New case of locally-transmitted Zika in Miami brings total to 22

MIAMI (WSVN) - The Florida Department of Health has identified one new person who has been tested positive for the Zika virus in Miami-Dade County, bringing the new total of locally-transmitted cases to 22.

7News learned that the transmission zone, according to the CDC, was narrowed to include two area businesses in the 500 square foot Zika zone in Wynwood, but for the sake of said businesses, their names will not be released.

Miami-Dade Mayor Carlos Gimenez said there are 96 percent less mosquitoes in the Wynwood area since they began to spray mosquito pesticide from the ground and air. Officials conducted aerial sprays of pesticide, Wednesday morning.

Wynwood’s Business Improvement District, along with the DOH and members of the Greater Miami Convention & Visitors Bureau and Wynwood business owners, met Wednesday with the goal of improving things for business in the area.

The CDC said the travel advisory will remain at least for another month.

Florida Representative Frederica Wilson and others walked through the streets of Little Haiti, Wednesday, passing out mosquito repellent and getting the word out about prevention.

“Keep yourselves inside,” said Wilson. “If you are pregnant, see your OBGYN. Make sure that all water that’s collected after it rains here every day, is emptied out.”

Local government officials are also asking for Gov. Rick Scott to declare a state of emergency, and for congress to come back into session to pass Zika funding.

“We have to understand that this an emergency,” said Wilson. “This is not something to play with. This is not something that we can put on the back burner and say, ‘We’ll do it later.'”

Although there are less mosquitoes in Wynwood, the Zika infections are rising.

And Despite the CDC’s advisory for pregnant women to avoid Wynwood, a pregnant woman was spotted walking through the Wynwood Arts District, Wednesday.

“I know about it, that is why I’m using repellent all of the time,” she said. “I think it is dangerous, but not when the sun shines so brighly. Because when the sun shines, they do not fly.”

Mercy Manana who was visiting Wynwood said the spraying is reassuring. “I think it is more protected if anything because I know they are doing all the spraying,” she said.

The Health Department said the active transmissions are only happening in one hot zone near Wynwood, which according to the CDC, includes two businesses, but officials refuse to give specifics.

“There’s no need for people to know any of that,” said Florida Department of Health’s Dr. Lillian Rivera. “They just need to know what’s in the report.”

When asked specifically about the businesses, Rivera said, “‘Cause, no. Well, no, no, no.”

Gimenez also refused to give details. “I’m not gonna say right now,” he said. “No, the CDC doesn’t want to tell you. I’m not gonna say that.”

Officials stress that the buffer zone is what’s important and not the exact location.

At a special commission meeting Tuesday, the mayor said protecting pregnant women is still the priority.

According to Florida Gov. Rick Scott, the Florida Department of Health (DOH) confirmed, Tuesday, four new people likely contracted the virus in the Wynwood area of Miami, most likely through a mosquito bite.

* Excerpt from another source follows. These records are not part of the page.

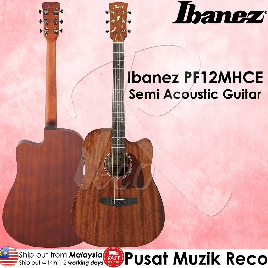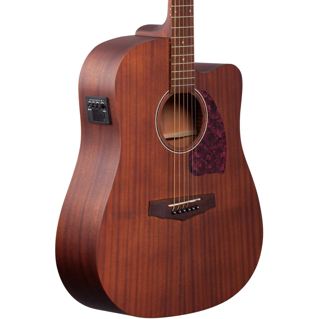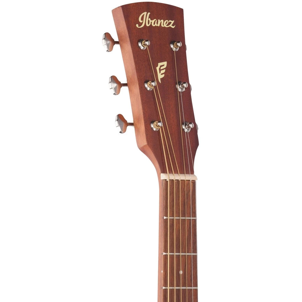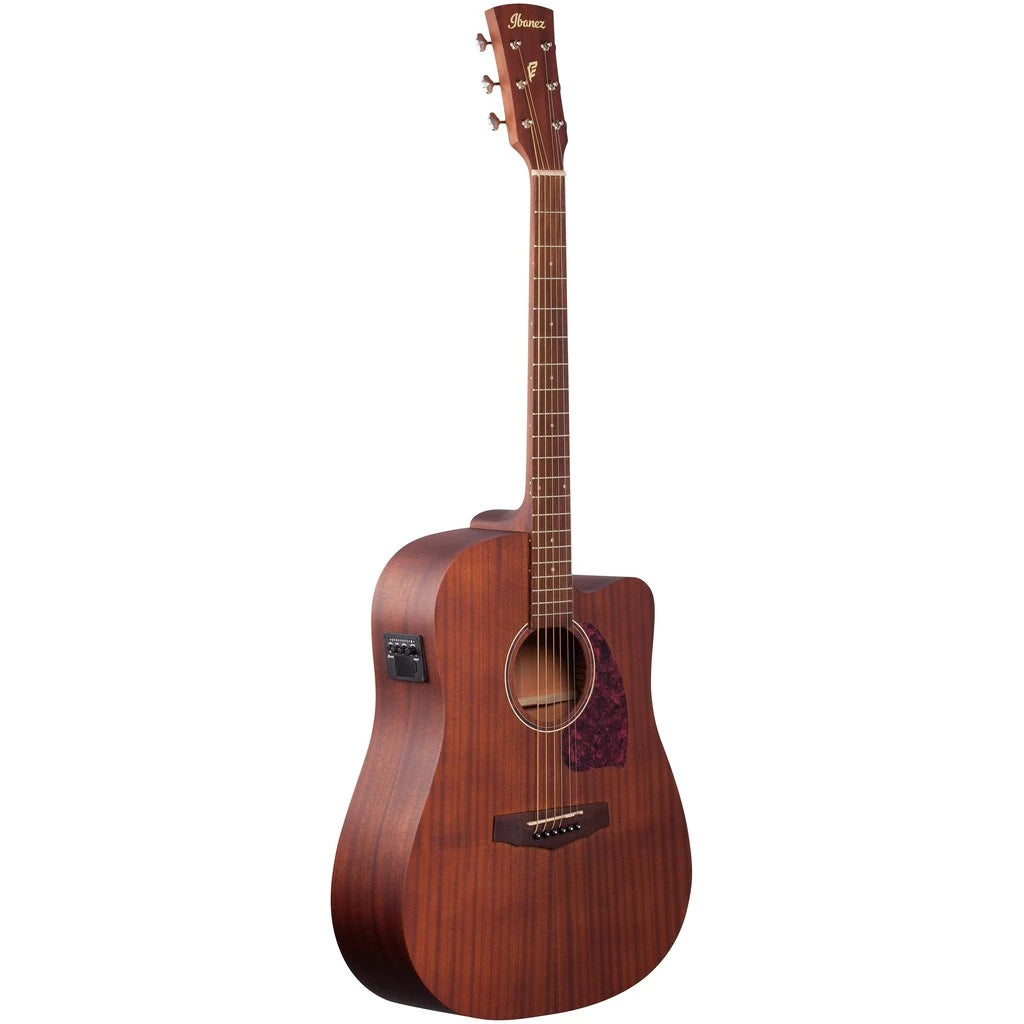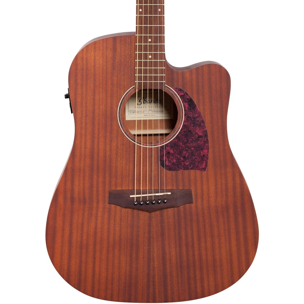The PF12MHCE is a cutaway dreadnought body style acoustic with a mahogany top, back, and sides for a warm, full tone. While the open pore natural finish adds to the guitar's natural, subtle aesthetics, it also contributes to the sound of the instrument. Electronics include the Ibanez under-saddle pickup and the Ibanez AEQ2T preamp with a built-in tuner. The PF12MHCE also features a tortoise rosette, rosewood fretboard, and a bridge with Ibanez Advantage bridge pins for improved tuning stability.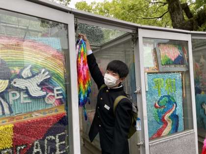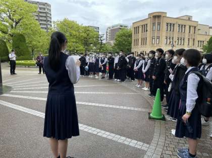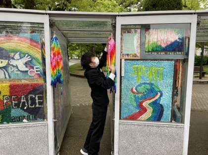 セレモニーでは黙祷を行い、平和の思いを込めて作った千羽鶴を奉納しました。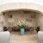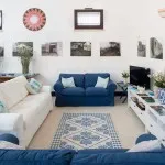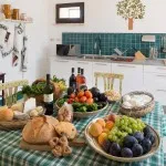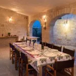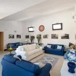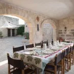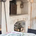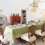 The dining room has a large fireplace made with local Apulian stone and is adjacent to the living room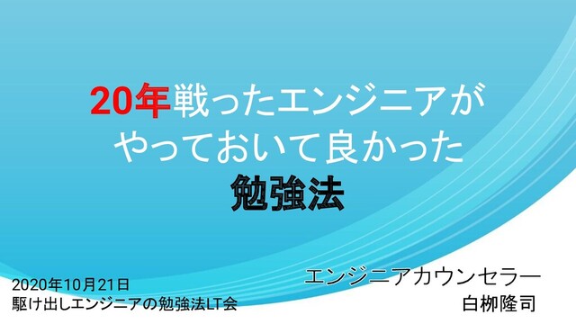 2020年10月21日 駆け出しエンジニアの勉強法LT会 で登壇したときの資料です。 https://rakus.connpass.com/event/189366/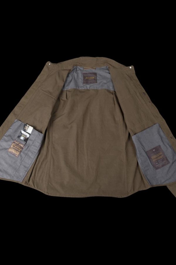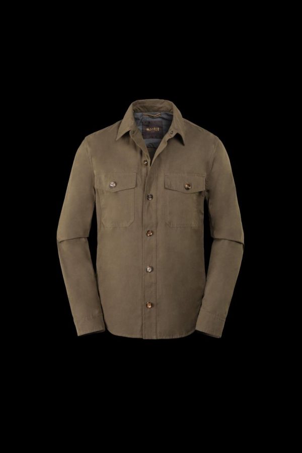 Giacca camicia appartenente alla linea Acqua (1 ombrellino). Realizzata in tela in misto cotone smerigliato, dall’aspetto compatto, resistente all’acqua e traspirante.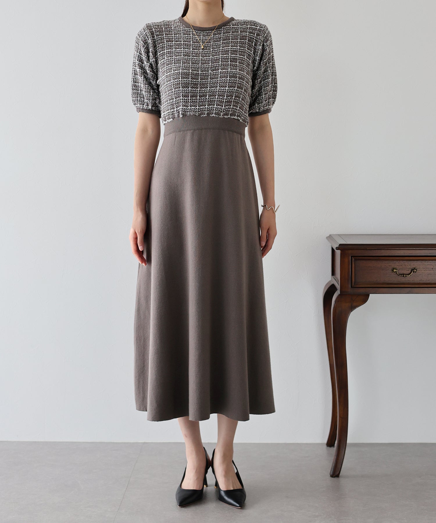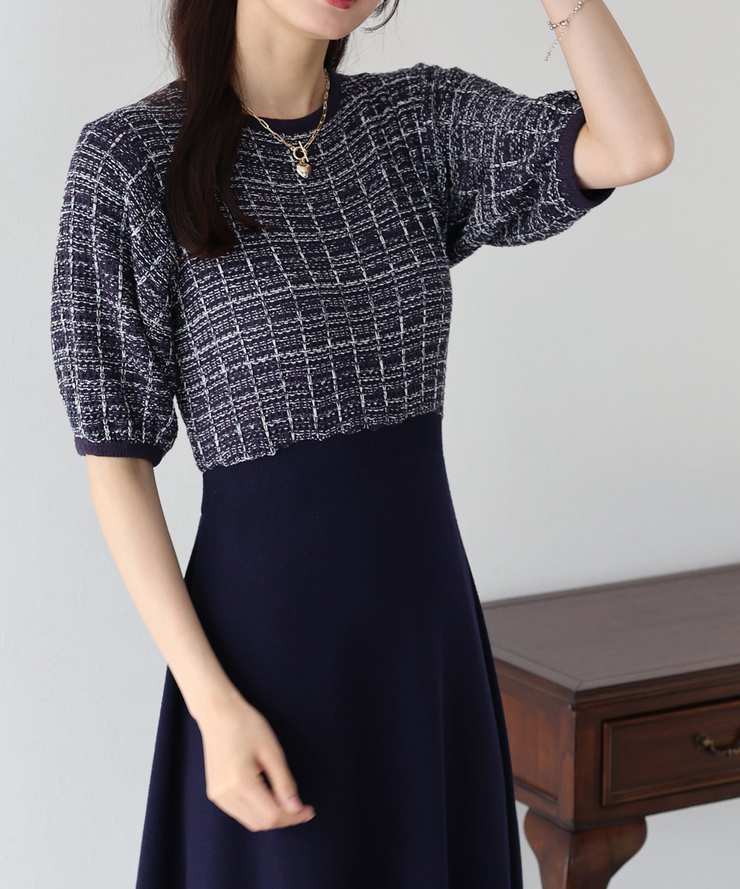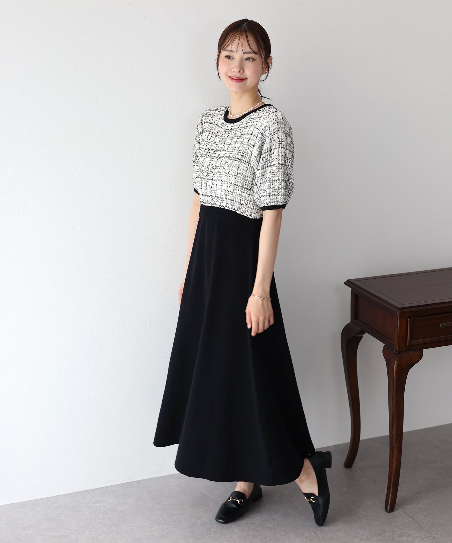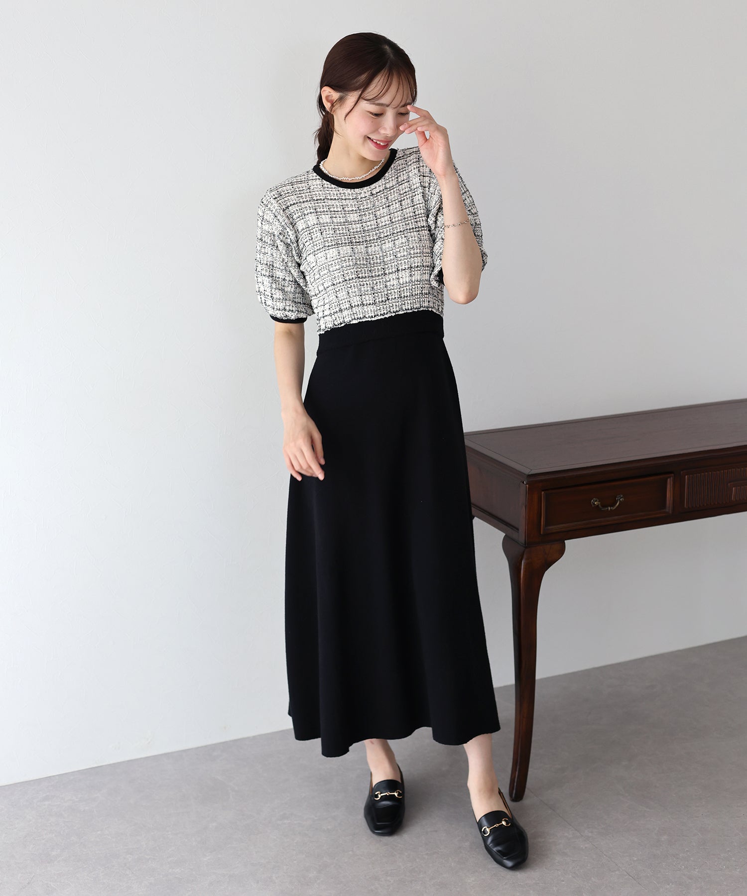 | 生地 | 身頃部分 ツイード風ニット素材 スカート部分 滑らかなニット素材 |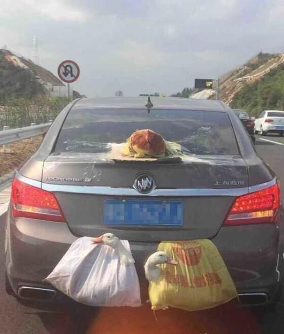 2016年2月13日,一广东号牌上海通用车后备箱,两个蛇皮袋装着鸭子一路往东莞走,可后车盖竟然还用透明胶捆着一只鸡,被网友拍下来迅速传播,微博、微信朋友圈马上沸腾,大伙儿惊呆了,这真的是双涡轮增“鸭”,后置发动“鸡”?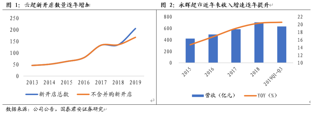 云超开店速度逐年加快,收入增速持续提升。随着公司的供应链及中后台系统不断完善,2015年以来开店速度持续加快,尤其是2017年以后每年新开大店都在100家以上,2019年新增云超门店205家(其中包含收购百佳38家)。受益于开店速度持续加快,近年来公司的营收增速也持续提升,从2015年的14.8%提高至2019年前三季度的20.6%,预计2020年有望新开云超150家,收入增速有望进一步提升。

Governor Scott said, “Today, we have learned that there are four new individuals that have local transmissions of Zika in our state, likely through a mosquito bite. All four of these cases are located in the same, small area of Wynwood that is less than one square mile.”

DOH still believes local transmissions of the virus in the United States are only taking place in Wynwood.

However, travel-related cases of Zika are affecting people worldwide.

“This is not only an issue affecting us here in Florida – this is a national issue. Florida is just at the head of it with the first cases of local transmission of Zika. Just today, we learned that a baby born with microcephaly caused by Zika died in Texas – a heartbreaking tragedy in our country.”

Back at home, Gimenez said as a preventative measure, crews will go to all 150,000 storm drains throughout the entire county to treat them with chemicals, so mosquitoes cannot breed. “There is a little thing called a dunk. We throw it in there. It prevents any mosquitoes from breeding there,” Gimenez said. “But it is only good for 30 days, so we have to do 5,000 drains a day for 30 days in order to complete the cycle.”

Meanwhile, in the hot zone, Wynwood’s social appeal still stands, as several models posed for a photoshoot Tuesday along colorful walls, near our 7News truck. The crew brought the essentials to the shoot, including makeup, hair product and of course, mosquito repellant.

A big part of the message Tuesday was that businesses are still open in Wynwood. The Miami-Dade tourism chief also said visitors are more likely to die in a car wreck in Miami than contract Zika.